Logan, 42, is part of a new generation of urban, blue-collar environmentalists. The son of a janitor and the youngest of five children, he dropped out of school in 10th grade and went to work as a maintenance mechanic in an aerospace factory.

Now he is executive director of East Yard Communities for Environmental Justice, with a paid staff of four and 200 members who join for $5 a year. They recruit door-to-door in Commerce, Bell Gardens, Montebello and East Los Angeles, where more than three-quarters of residents are working-class Latinos.

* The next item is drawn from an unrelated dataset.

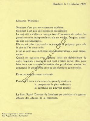Imprimé électoral de la liste PSC de Stembert réalisé à l'occasion des élections communales du 11 octobre 1970.

East Yard operates from a storefront on Commerce's Atlantic Avenue, a street lined with cheap motels and fast-food joints. It has no celebrities on its board, no publicity staff churning out press releases, no in-house attorneys to go toe-to-toe with $500-an-hour corporate law firms.

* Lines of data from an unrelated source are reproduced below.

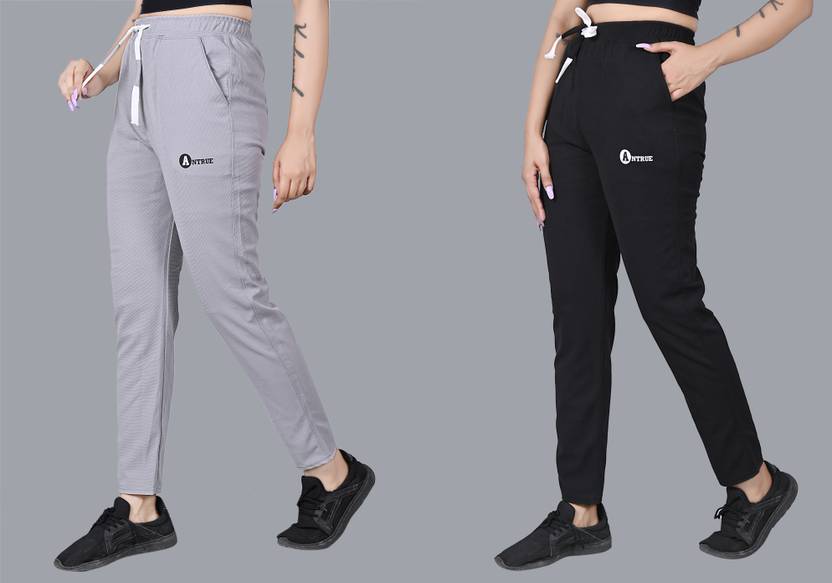 ANTRUE Solid Women Grey, Black Track Pants
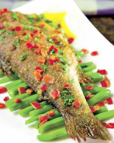 4. Păstrăvii se trec prin mălai şi se prăjesc în uleiul încins. Se scurg de ulei pe un prosop de hârtie şi se servesc pe pat de fasole verde. Pe deasupra, se presară baconul prăjit, felii de lămâie şi pătrunjel.
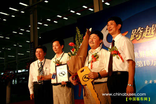 | 大金龍董事長孫建華先生和大金龍總經(jīng)理江世煌先生為第十萬輛客車擁有者頒發(fā)獎(jiǎng)狀并授金鑰匙 |

But in California, where Latinos, African Americans and Asians now collectively outnumber non-Hispanic whites, political power is shifting. Here especially, but also across the country, mainstream foundations, which had long supported environmental groups led by white lawyers and policy wonks, have begun to channel grants to community organizations run by Latinos and blacks who see clean air and water as civil rights.

In the Southland, these environmental justice activists, as they are called, wage war in the dense corridor that runs from the massive ports of Los Angeles and Long Beach through neighborhoods that line the 710 Freeway -- Wilmington, Carson, Compton, Huntington Park, Commerce-- and on through Riverside and San Bernardino counties, with their vast distribution warehouses.

"There are no buffer zones," said Gilbert Estrada, a teacher who co-founded the East Yard group with Logan. "We are the buffer zones."

Each year, pollution from ships, trucks and trains that move goods through the region contributes to an estimated 2,100 early deaths, 190,000 sick days for workers, and 360,000 school absences, according to the California Air Resources Board.

At a recent East Yard barbecue in Commerce's Bristow Park, hand-painted signs read "Salud Sí, Diesel No" -- Health Yes, Diesel No -- as a band played Mexican rancheras and trucks roared by on Interstate 5. Between a kids' finger-painting pavilion and a card table stacked with petitions, Logan, a soft-spoken man with a tidy beard, was working the hamburger line.